Problem to solve>
Each line from the one bearing "LPPR STARTER 0001" through the last line of the entries below should be returned exactly, with pictures left out.

[Data excerpts]
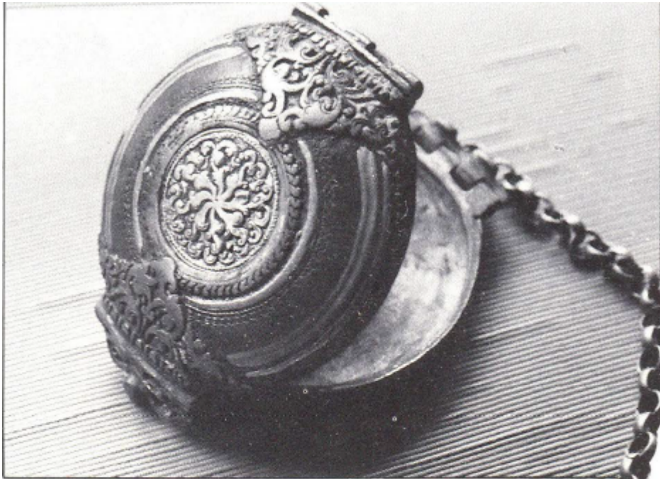
An antique ornamental container for chunam.
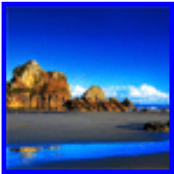
Image presentation in flash

In this lesson, you will see how to create vanishing text effect. You don't have to use action script code to make this lesson.
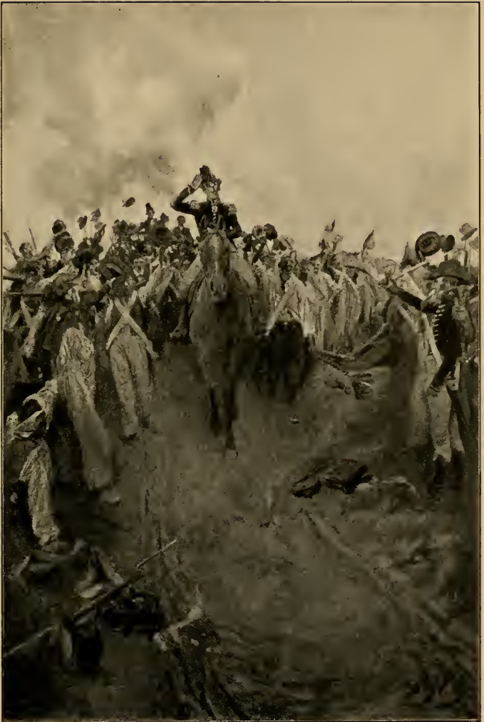
General Andrew Jackson receiving the plaudits of his army after the battle of New Orleans
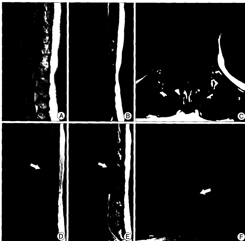
Fig. 1. The initial magnetic resonance (MR) image shows (A) a heterogeneous, slightly hyper-intense abnormal signal in the spinal canal on the sagittal T1-weighted image and (B) a low signal on the sagittal T2-weighted image. The axial T2-weighted images (C) demonstrate the subdural location of the hematoma in the dural sac. Follow up MR image (D, E, and F) shows a nodular mass (arrow) between the T12 and L1 level. The lesion is iso-intense to the spinal cord on the T1-weighted imaging and slightly hypointense to the spinal cord on the T2-weighted image but had no vascular flow voiding.

MR imaging best shows the extent of the hemorrhage and delineation from the epidural space. Differentiating between a subdural and subarachnoid hematoma is difficult, and in some cases, only surgical exploration will demonstrate the precise location of the hematoma. However, pure SSAH as in this case can be easily differentiated from the subdural hematoma. SSAHs are located within the thecal sac without an inverted "Mercedes star sign", which is a typical finding in subdural hematoma 4 . MR imaging also can demonstrate a
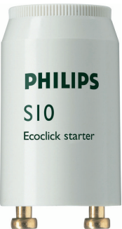
LPPR STARTER 0001
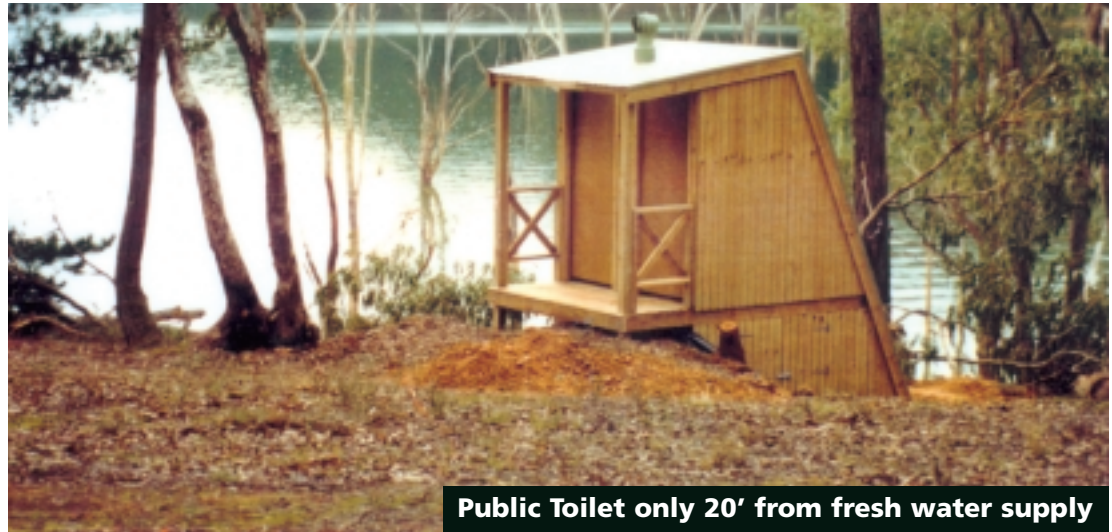
Public Toilet only 20' from fresh water supply
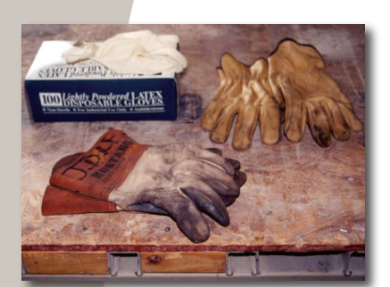
Wear medical examination gloves that provide a protective barrier between blood or other body fluids and your skin. Wear cotton or leather work gloves as the outer pair when heavy work gloves are needed.
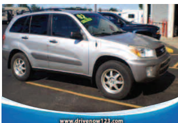
2002 TOYOTA RAV4 4WD Go anywhere, with great gas mileage NOW ONLY $6,495*
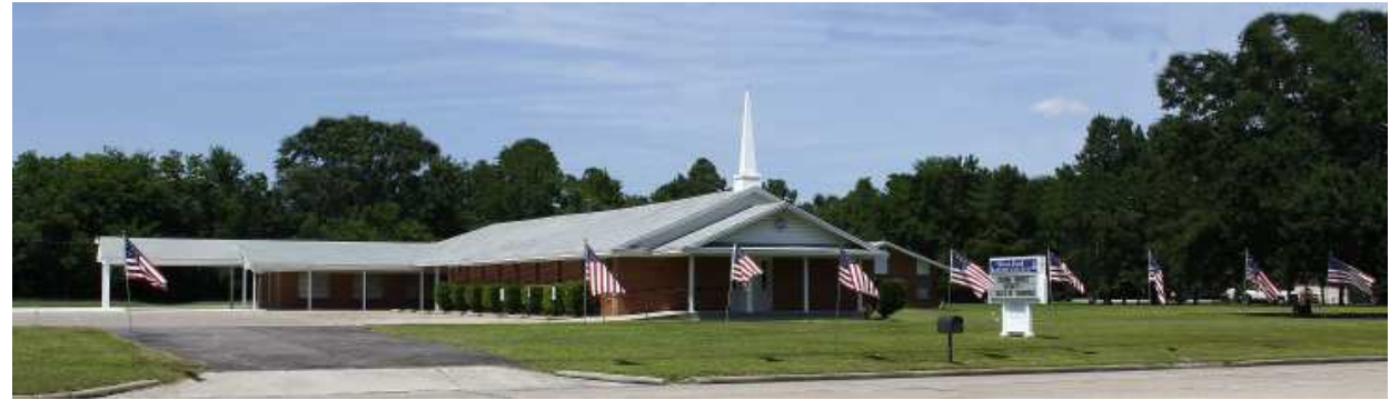
Celebrating the 4th at WEBC

West End Baptist Church Vol. 2013 No. 7 July 1, 2013

Exercise solution>
LPPR STARTER 0001
Public Toilet only 20' from fresh water supply
Wear medical examination gloves that provide a protective barrier between blood or other body fluids and your skin. Wear cotton or leather work gloves as the outer pair when heavy work gloves are needed.
2002 TOYOTA RAV4 4WD Go anywhere, with great gas mileage NOW ONLY $6,495*
Celebrating the 4th at WEBC

West End Baptist Church Vol. 2013 No. 7 July 1, 2013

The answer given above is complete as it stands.